You get to feel a sheet of parchment and vellum as you
enter. Do you know the difference? Paper only became common in the 1400s. At three
to four pages per day and even the best scribe making a mistake per page
(erased by scraping with knife or pumice stone) this was painstaking work but
it’s the illuminations that took the real artistry, time and effort.

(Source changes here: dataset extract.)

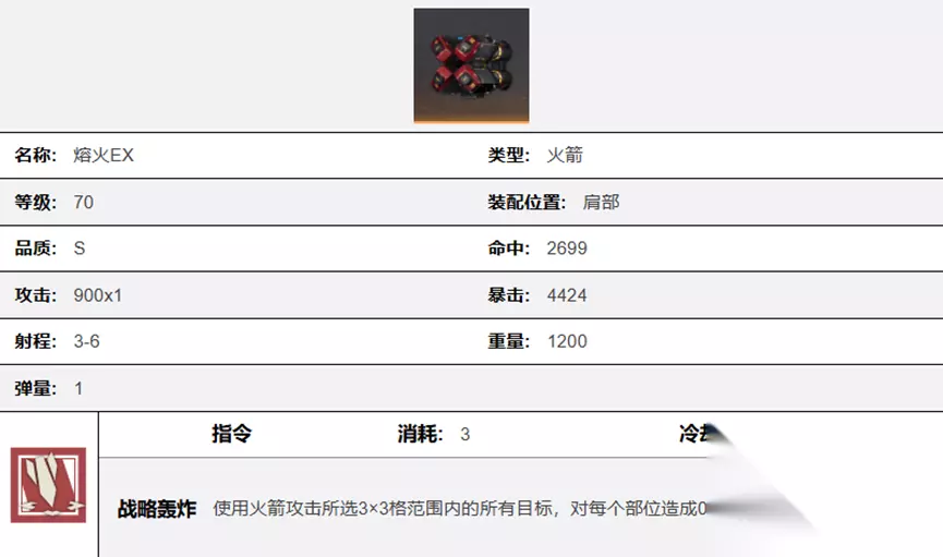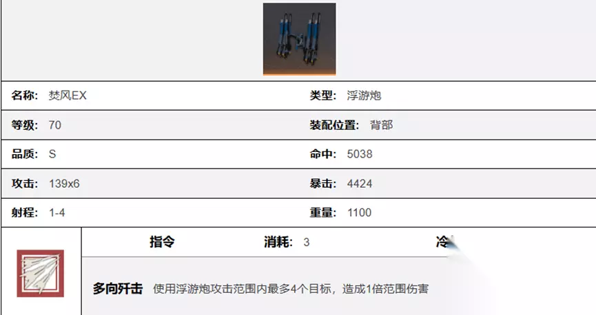 四、 数值解析 浮游炮具有最高的基础命中,基础暴击与其他武器持平,基础攻击139*6仅次于火箭900,但受攻击目标数不同的影响,很难比较实际伤害能力,仅能大致比较。 这里我们仅以单一攻击目标进行分析其伤害能力, 浮游炮单发834,算上洛莎审判的复数4发攻击,就是834*(1+0.4+0.4+0.4)=1834.8 导弹单反475*(1+0.5+0.5+0.5)=1187.5,算上双肩打击就是,475*0.75*2.5*2=1781.25 可以说,浮游炮基础单体攻击能力不强,只有在机师加持下,能够多发复数攻击时,单体伤害才会比较

The collections, largely put together by Edward IV and Henry
VIII that form most of the show. They allow you to lean on the glass cases and
you’ll need to, as many of the illuminations are small and repay detailed
attention. We must remember that books like this were rare, even in Medieval
times. Incredibly expensive to produce, they were owned treasured and treasured
by the elite. Indeed, the show is anchored in Monarchy, lineage, the divine
right of Kings, their education, relation to religion and chivalry. They
literally embed their coats of arms, even their own images, into the books.
What they don’t tell you
Print is power and therefore politics, so a book is never
just a book, it’s a device for flattery, preferment, a claim to legitimacy, a
contract, a confirmation of status….. In fact, something they don’t tell you
here, in the already annoying Jubilee year, is that Henry VIII was a censor who
tried to ban reading, even of the Bible, by apprentices and women. Elizabeth I
did the same through The Stationer’s Company. So Royalty, far from being
bibliophiles promoting reading and writing, were narcissistic owners and
censors. One could hardly call the present Royal family readers and
intellectuals. Bibliophiles they are not. I have never heard s single one of
them utter anything remotely interesting. Did you know that the Royal family
have an absolute exemption from the Freedom of Information Act? This law was
passed in 2011. Rather than playing an impartial role, they are free to be as
partial as they want – as we know from the shenanigans of Andrew and Charles.
Royal
and religious dogma
The degree to which books were merely objects of Royal or
religious dogma is the real lesson here. We really do see that Gutenberg, and
Caxton, truly revolutionised the replication and scalability of the writing and
reading of books. Remember that the Catholic Church still had a prohibited books
list until 1966. To be clear, the list included; Jean
Paul Sartre, Simone de Beauvoir, Voltaire, Denis
Diderot, Victor
Hugo, Jean-Jacques Rousseau, André
Gide, Immanuel Kant, David
Hume, René
Descartes, Francis
Bacon, John
Milton, John
Locke, Galileo
Galileo and Blaise Pascal. Giordano
Bruno was burnt at the stake for his writings. So Royal and Religious control
actually meant censorship.
Conclusion
Nevertheless, these are magnificent books that give us a
direct causal link with the past. There’s even annotations in Henry VIIIs own
hand in the margins. The Mathew Paris 13th C journey to the Holy
Land is an intriguing strip map, as he certainly never did the journey himself.
You can wallow in the few books that did exist over these many centuries but
don’t fall for this being in any way a golden age for books.